2 minute read

DEE MURPHY

INTERIOR DESIGNER, LOS ANGELES

Where else do you see surfboards and fabric squares coexist harmoniously? Bike helmets and a wallpaper backsplash? Landscape paintings and skateboards?

Interior designer Dee Murphy was asking a lot of her turn-of-the-20th-century, one-car garage: Could it house her family’s sporting equipment and serve as a creative sanctuary?

“We needed to make it a functional space, a space to store outdoor gear,” she says of the garage. “It was this scary, dark, cobwebby cave where we just dumped unnecessary items when we moved.” With two children (ages 8 and 11), a home business, and the compounding effects of being cooped up during the pandemic, the family lived in every inch of their home in the historic West Adams district of Los Angeles. Dee worked out of the dining room, with fabric samples and interior design notebooks stacked up behind the table, and had already exhausted every one of the house’s nooks and crannies.

“I was longing for a space to call my own,” she says.

This garage area was small, but she saw potential, and with a mandate to “get everything up off the floor,” the space married two unlikely bedfellows. The fusion track wall was a natural fit for the outdoor gear—surfboards, skateboards, bikes, wetsuits, and helmets would all find a happy home in the versatile organizational system of hooks, baskets, and brackets. Dee put her own craft to work on the opposing wall’s home office.

OPPOSITE, LEFT ← “I love wallpaper and use it everywhere,” says Dee. “It makes me feel creative.” Art on the shelves adds more inspiration.

RIGHT ← Dee’s favorite feature of her office is the drawers system, with dividers. “Having a special place to put everything brings me so much joy,” she says.

THIS PAGE ↑ Getting everything up and off the ground was a priority. “It makes me happy,” she says. Wire baskets hold helmets and gear; boards and bikes hang on hooks. A painted checkerboard floor brings the main house’s vintage vibe into the space.

In fact, the whole room would end up looking and feeling like a design office, with the outdoorsy gear playing the role of popart backdrop. On the office side, a wallpaper backsplash gives the whole room style. “I use it everywhere,” says Dee of wallpaper. “A great pattern always encourages creativity.”

As does the color yellow, which she calls “happy and inspiring.” A painted checkerboard floor in gray and white adds a design element and resembles the traditional feel of the main house. Opposite her desk, the fusion track mounts colorful surfboards, skateboards, and two graphic boards for playing cornhole.

Like many artists, Dee says, “An orderly space allows for clarity in my design.” The drawers are filled with fabric swatches, organized in dividers by size. Still more swatches hang on hooks above the counter. In the nearby cabinet, vases, bowls, and books used as props for photo shoots are displayed— safely hidden and arranged beautifully, ready to inspire. “I love for interesting pieces to be visible,” she says of the most effective way to access her wares.
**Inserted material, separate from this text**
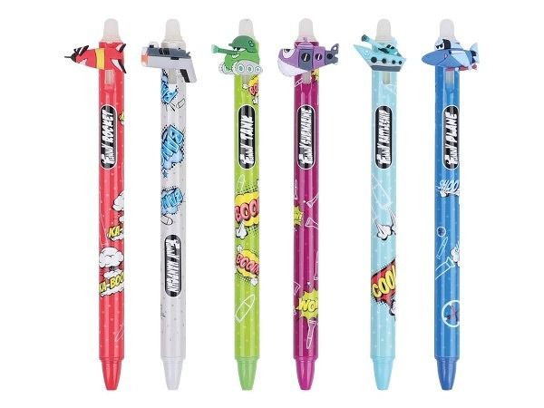 Gumovací gelové kuličkové pero obsahuje speciální inkoust tzv. vymaž a přepiš, nebo vymaž a nech znovu objevit. Pokud uděláte chybu, stačí jen otočit pero a plastovou špičkou text vymažete. Špička zahřeje inkoust, ten zmizí a lze je znovu přepsat. Můžete si psát i tajné vzkazy, po vygumování stačí jen papír ochladit pod bod mrazu a text se znovu objeví. Náplň: 0,5 mm, modrá.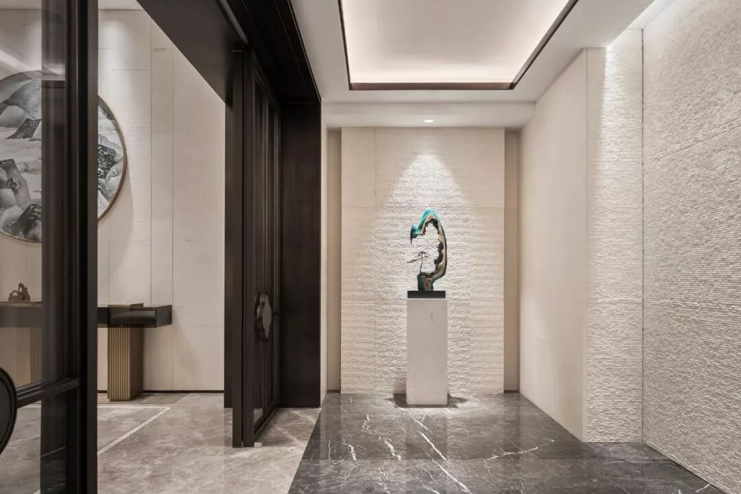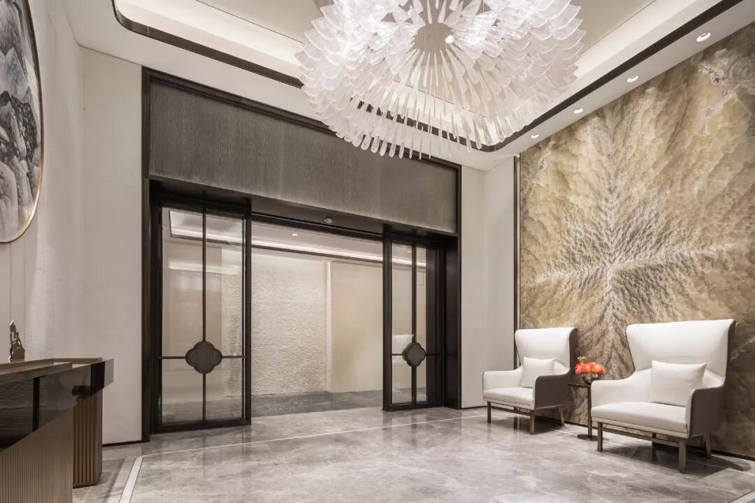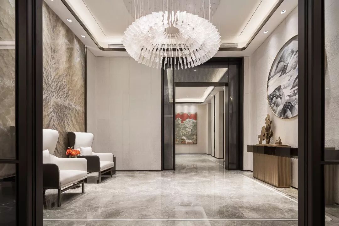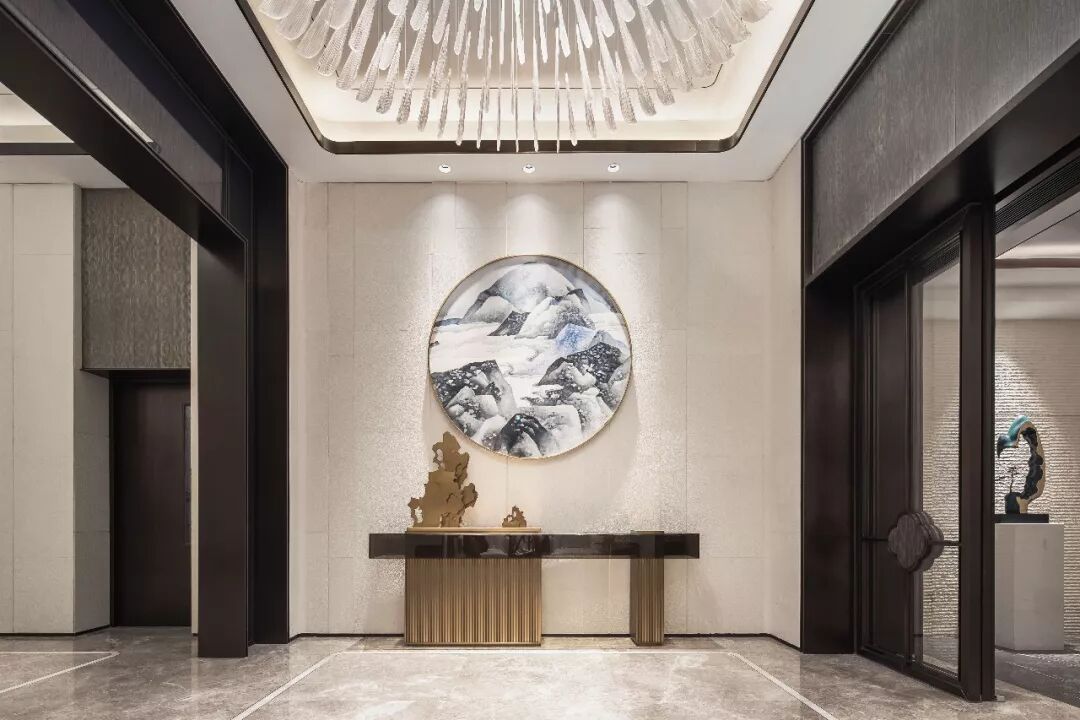 国人崇玉,所谓“玉不琢,不成器。”玉器的制作要经过刻、碾、琢、磨、钻等多道工序,就如同我们对待居住空间一样,经过了不断的否定,推敲到确定。因此该项目的公共空间的设计灵感来自于“玉”,主要从玉的品质及器型的处理上入手并进行延伸,为空间提取了玉的弧线及它的温润与高贵。

And the landscape painting that hangs near the surfboards is an elegant, pastoral touch, reminding kids and clients alike that they are not in a mudroom or shed but simply in an extension of the home. Dee’s husband questioned the art placement, but she responded, “Just the way an open garage door allows the daylight to flood in, the painting simultaneously calls the outdoors in, evoking travel, adventure, and spontaneity. I want art anywhere I can justify it.” —S.S.